AAnnan commented 4 years ago

The model used is the All-Context 5mC by Rerio: res_dna_r941_min_modbases-all-context_v001.cfg

This is the raw output of per_read_modified_base_calls for this position:

947e2cf6-8490-4b2c-b4d0-78120e3de6ea chrV 1 12110094 -0.7226739977359252 -0.6644672502055191 Z GCG:1
98a4a197-ebec-436a-bc8b-53f0ca118ffa chrV 1 12110094 -0.004298609357603844 -5.451612248558269 Z GCG:1
0dd16e4f-deda-4175-8adb-0c377fba0405 chrV 1 12110094 -0.13320291900470727 -2.0817438830471344 Z GCG:1
ac4630f5-2e85-46bb-bf0d-495bdcb9136b chrV 1 12110094 -0.4301063976071987 -1.0510797315094773 Z GCG:1
62ca5063-c25e-471d-abcd-42e34217aa3e chrV 1 12110094 -0.018033556997778533 -4.024524207193623 Z GCG:1
45c0808a-9bd3-44d1-8ae6-6d06fc88eabb chrV 1 12110094 -0.014781790828441999 -4.221740996351207 Z GCG:1
c4a3e37f-29fc-4a06-9021-49bf72378c60 chrV 1 12110094 -0.1674604053933888 -1.8695703591983042 Z GCG:1
7061399b-96ad-4ad0-b33b-27120d580863 chrV 1 12110094 -0.4223819447293963 -1.0656136803882856 Z GCG:1
f167c21e-bb29-4b45-9e54-e96fb0d0fa0d chrV 1 12110094 -0.47791781166605524 -0.9677765649738068 Z GCG:1
34d91e65-c976-4a65-bc60-dc780c907bfa chrV 1 12110094 -0.0174373077511909 -4.057849229236101 Z GCG:1

This is the Megalodon command for this output:

megalodon ./final_fast5s/${lib} --guppy-server-path ${GUPPY_DIR}/guppy_basecall_server \
        --guppy-params "-d ./rerio/basecall_models/" \
        --guppy-config res_dna_r941_min_modbases-all-context_v001.cfg \
        --outputs basecalls mappings mods per_read_mods mod_mappings \
        --output-directory ./${lib}_${mod_motifs[i]} \
        --reference $genomeFile \
        --mod-motif Z GCG 1 \
        --write-mods-text \
        --mod-aggregate-method binary_threshold \
        --mod-binary-threshold 0.6 \
        --mod-output-formats bedmethyl wiggle \
        --mod-map-base-conv C T --mod-map-base-conv Z C \
        --devices 0 --processes 28

marcus1487 commented 4 years ago

It looks like the issue might be with the probability conversion. The values stored in the per-read calls text file (and the database) are the natural log and not log 10.

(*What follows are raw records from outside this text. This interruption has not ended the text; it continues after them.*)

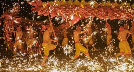 銅梁龍舞是首批國(guó)家級(jí)非物質(zhì)文化遺產(chǎn),被譽(yù)為“中華第一龍”。1500℃的鐵水瞬間在空中炸開(kāi),綻放成美麗的煙花雨。
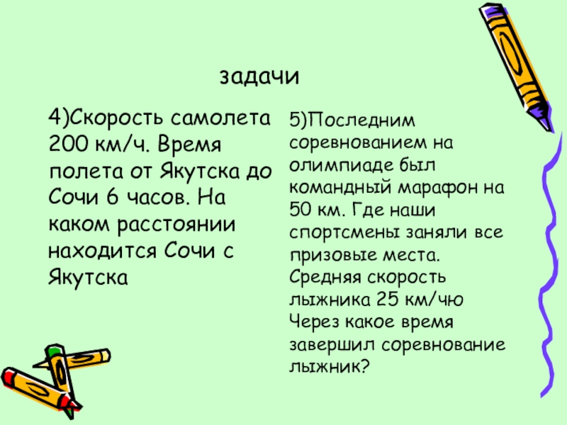 5)Последним соревнованием на олимпиаде был командный марафон на 50 км. Где наши спортсмены заняли все призовые места. Средняя скорость лыжника 25 км/чю Через какое время завершил соревнование лыжник?
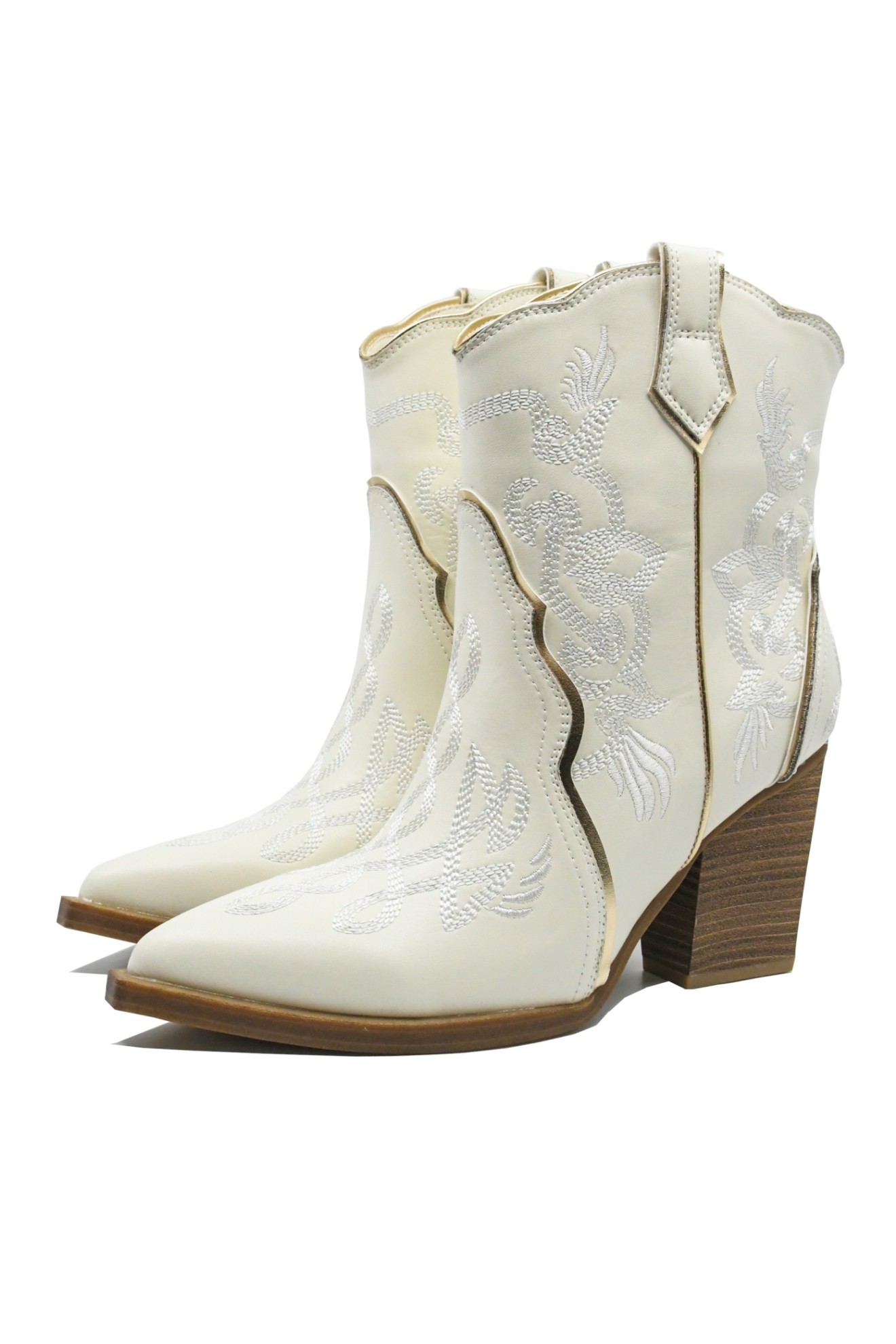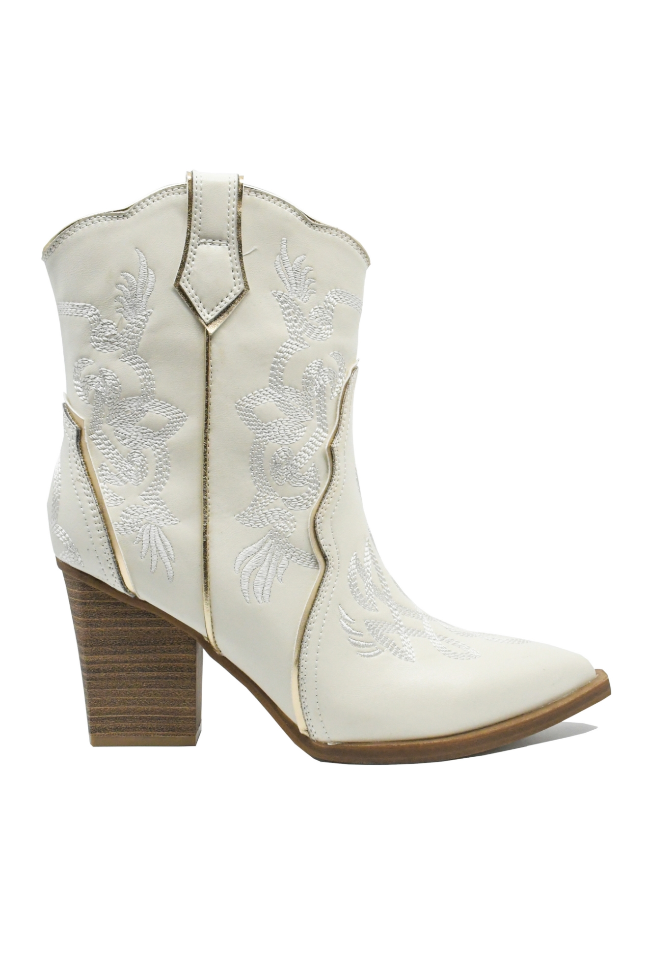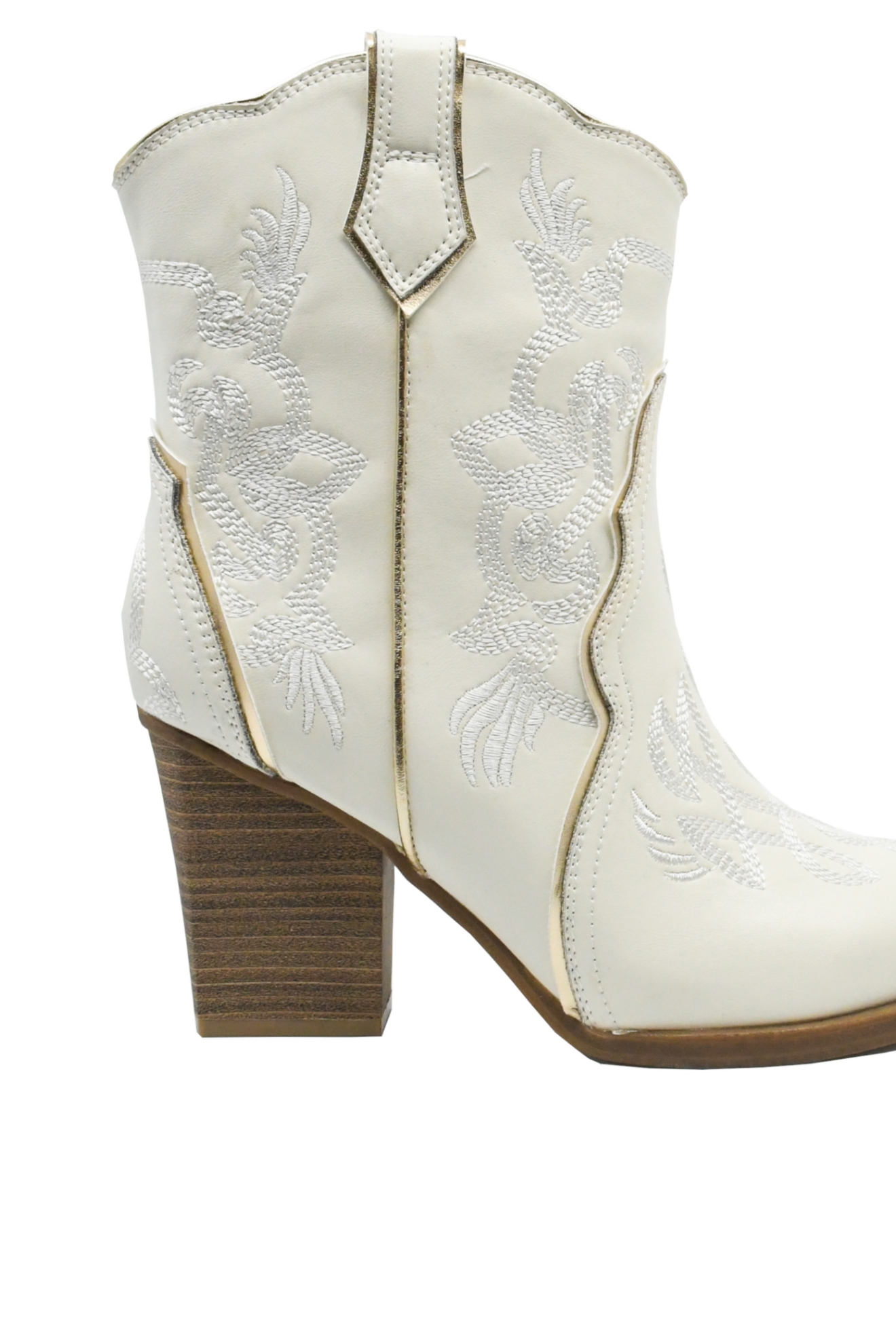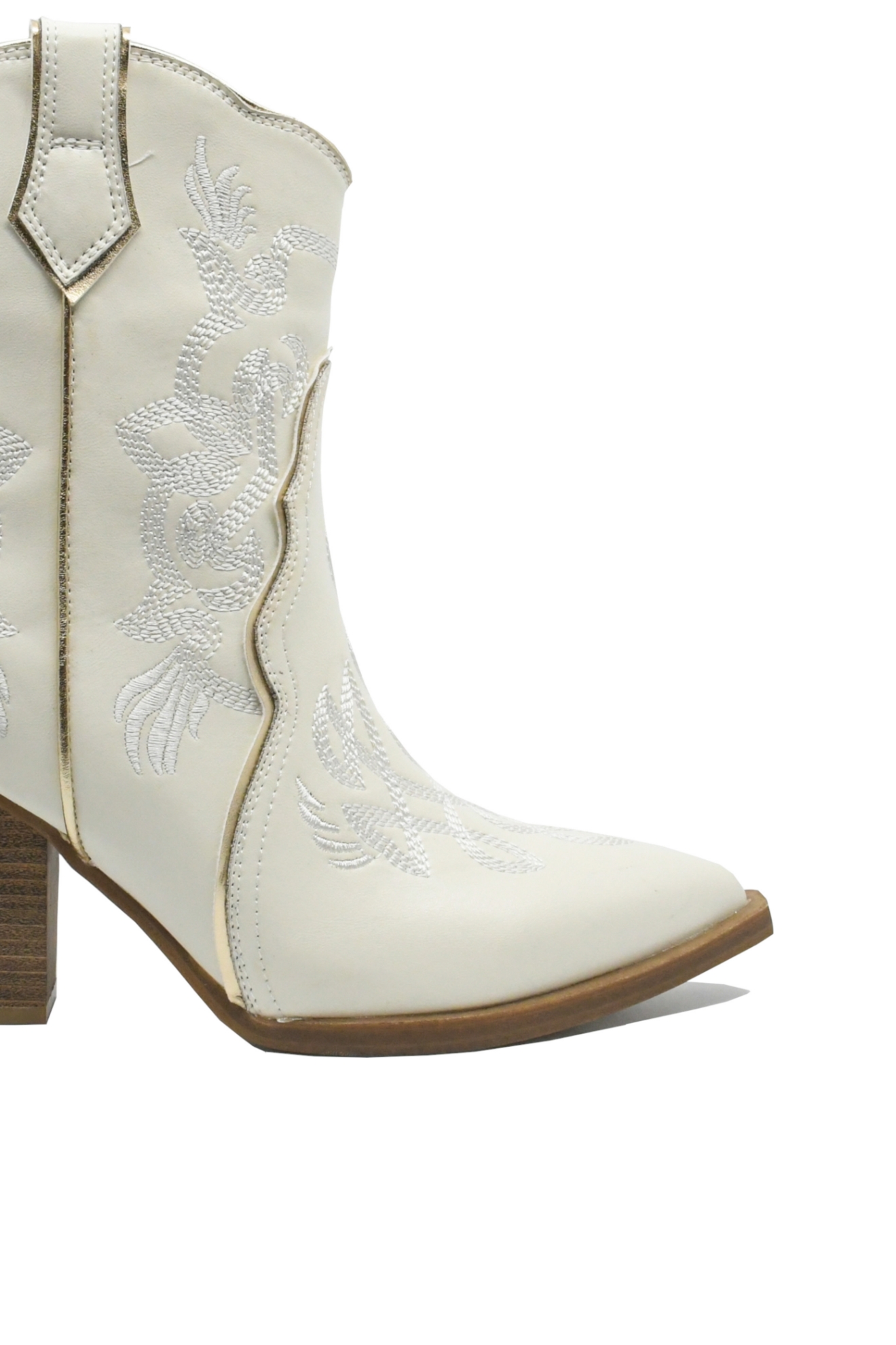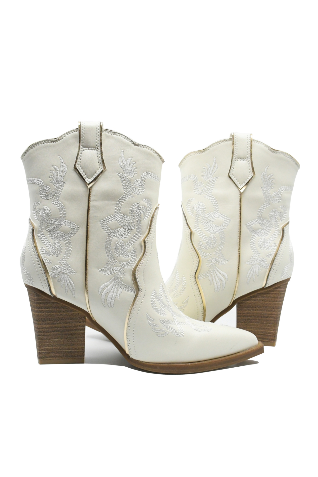 Ghete damă ciocate, stil western modern, de un alb superb, cu broderie intricată în aceeași culoare și cu detalii aurii. Robuste și bine făcute, cu aspect luxos, te conving de la distanță, mai ales dacă stilul cowboy este în topul preferințelor tale.
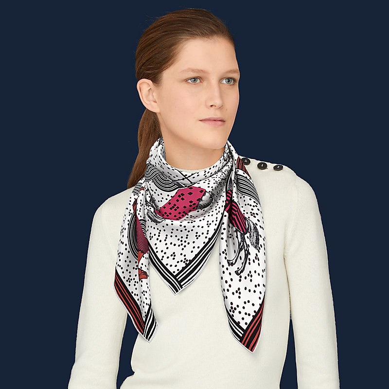 時代を超えて愛されるエルメスのカレ。首に巻いたり、ベルトにしてみたり、ヘアバンドやターバンにしてヘアアレンジにも活用できる永遠の定番です。

AAnnan commented 4 years ago

Alright, that makes sense, thank you.

franrodalg commented 3 years ago

Hi Marcus!

Sorry for resurfacing this, but is the fact that the per-read call files report natural log documented anywhere?

Cheers, Fran

marcus1487 commented 3 years ago

I don't know if it is specifically noted that the logarithm is the natural logarithm. I will try to remedy this in a future release.